Colonisers don’t have “personality disorders”

Originally written for Just Femme and Dandy

ID: a screenshot of a tweet that says, “DARVO— Deny, Attack, Reverse the Victim and Offender— a psychological manipulation technique Zionists love to use. It’s a combination of gaslighting and blame-shifting so the abuser can avoid responsibility for their actions. Make no mistake, #Israel is using emotional manipulation tactics right out of the NPD playbook (it’s abuse and it’s effective bc it weakens the real victim). This type of manipulation will work on someone who has never dealt with the narcisstic personality disordered, and those who don’t think critically. Those of us who’ve had the misfortune of having NPD people in our lives see exactly what Israel is doing— using the Dark Triad playbook. It’s Machiavellian, and that’s an understatement.

If it’s one thing that our movement spaces seem to be consistent at it’s alienating disabled people.

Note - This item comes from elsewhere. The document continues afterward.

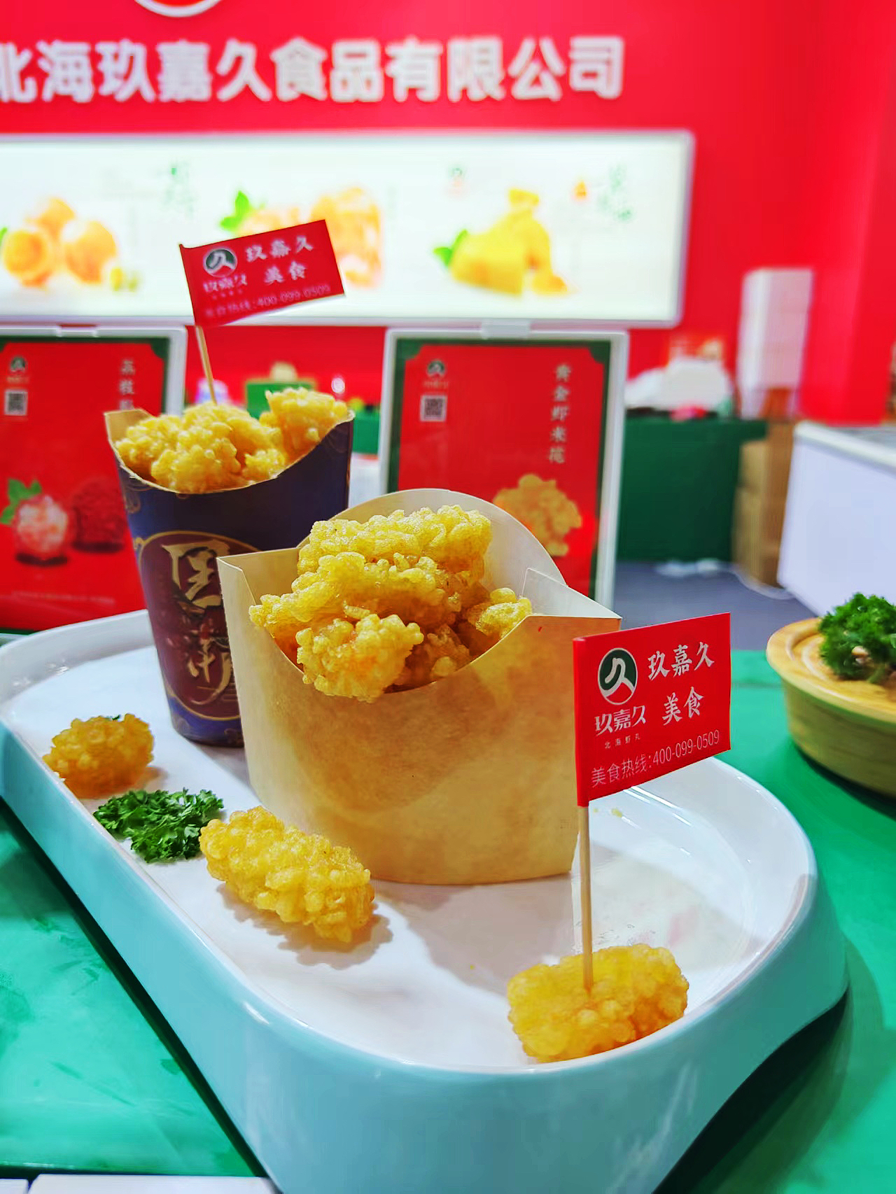 在展會現(xiàn)場有不少客戶是為我們的炸物系列新品而來的,點(diǎn)名要試吃我們的新品。有色澤誘人的黃金蝦米花,遠(yuǎn)遠(yuǎn)便能聞到一陣酥香;荔枝形蝦球,似荔枝不是荔枝,形狀逼真,引發(fā)消費(fèi)者的獵奇心理;黑虎蝦蝦卷,腐皮薄如蟬翼,內(nèi)餡蝦仁爽脆,搭配甜辣醬口感一絕,想必有這些產(chǎn)品的加持一定能引爆門店下半年的客流量。

From refusing to require masks at Palestine solidarity protests while an airborne virus continues to rage across the globe, permanently disabling people, to openly vilifying psychiatrised and neurodivergent people.

Over and over, in supposed solidarity with Palestine, we’ve seen people confidently diagnose oppressors with “personality disorders”, especially Narcissistic Personality Disorder. And before NPD became the trendiest label to equate with violence, it was often psychosis, or just a “personality disorder” in general.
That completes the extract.